* [What is required] Beginning with the top line of the listing below, give again every line up to and including the line with "16時21分左右,軋鋼作業區"; pictures do not belong in the copy.

* [Collected material]
-- Opening Marker --

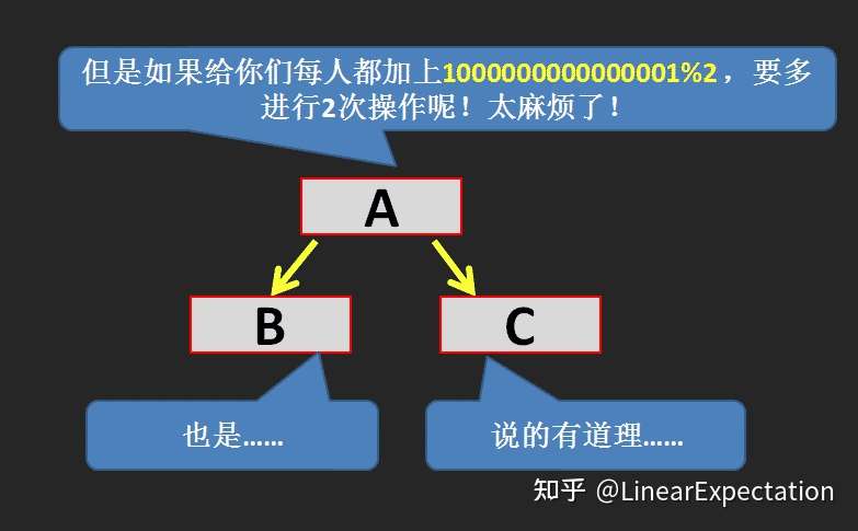 > C(右儿子):但是这样太慢了,我们的子孙也都要加 $2$ 啊。
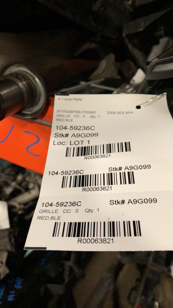 $75.00 Stock#A9G099 Inventory #: R63821 Loc:W2.12C VIN: 4T1FA38P68U155985 Milage: 90348 Source Vehicle Color: BABY BLUE Conditions/Options:,SLE Interchange Part Number:104-59236C Hollander Interchange found this part as interchangeable with: SOLARA 07-08 upper, exc. Sport model
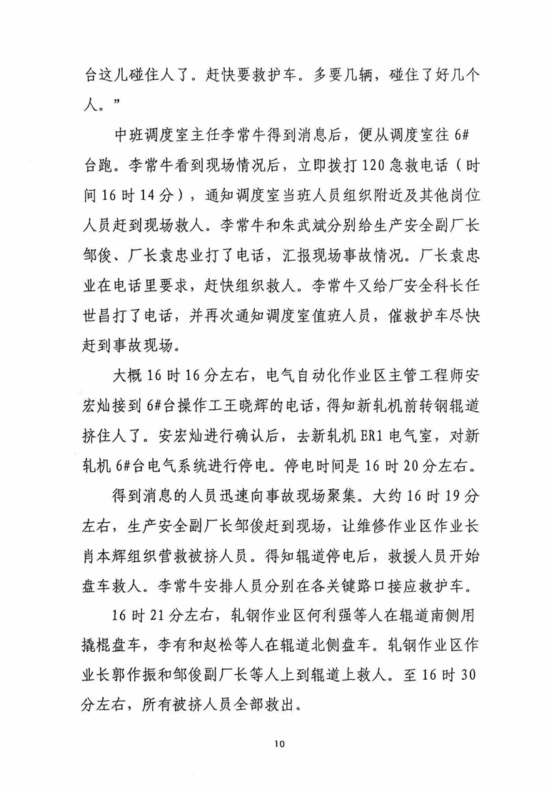 16時21分左右,軋鋼作業區何利強等人在輥道南側用撬棍盤車,李有和趙松等人在輥道北側盤車。軋鋼作業區作業長郭作振和鄒俊副廠長等人上到輥道上救人。至16時30分左右,所有被擠人員全部救出。
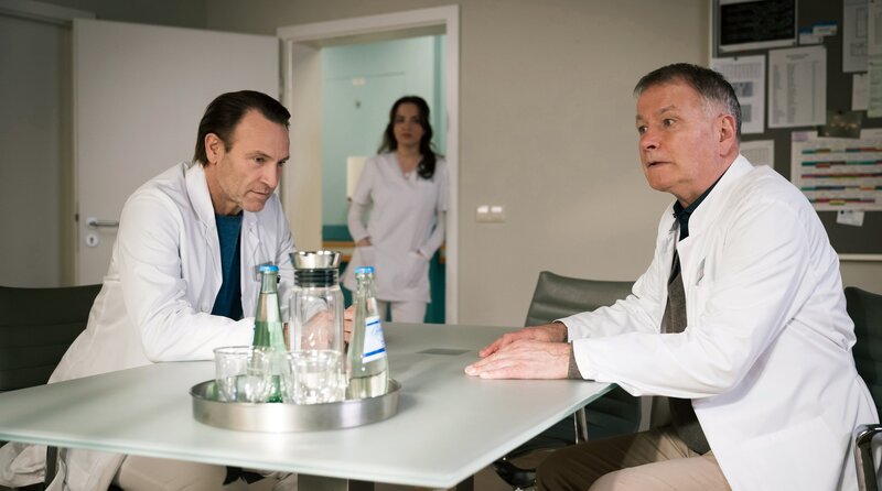 • Martin Stein (Bernhard Bettermann, li.) und Roland Heilmann (Thomas Rühmann, re.) suchen eine Strategie, mit den haltlosen Vorwürfen der sexuellen Belästigung gegen Martin an die Öffentlichkeit zu gehen. Doch dann bietet Jasmin Hatem (Leslie-Vanessa Lill, mi.), die angeblich Betroffene, ihre Unterstützung bei der Pressekonferenz an.

-- Closing Marker --

* [Written reply]
 > C(右儿子):但是这样太慢了,我们的子孙也都要加 $2$ 啊。
 $75.00 Stock#A9G099 Inventory #: R63821 Loc:W2.12C VIN: 4T1FA38P68U155985 Milage: 90348 Source Vehicle Color: BABY BLUE Conditions/Options:,SLE Interchange Part Number:104-59236C Hollander Interchange found this part as interchangeable with: SOLARA 07-08 upper, exc. Sport model
 16時21分左右,軋鋼作業區何利強等人在輥道南側用撬棍盤車,李有和趙松等人在輥道北側盤車。軋鋼作業區作業長郭作振和鄒俊副廠長等人上到輥道上救人。至16時30分左右,所有被擠人員全部救出。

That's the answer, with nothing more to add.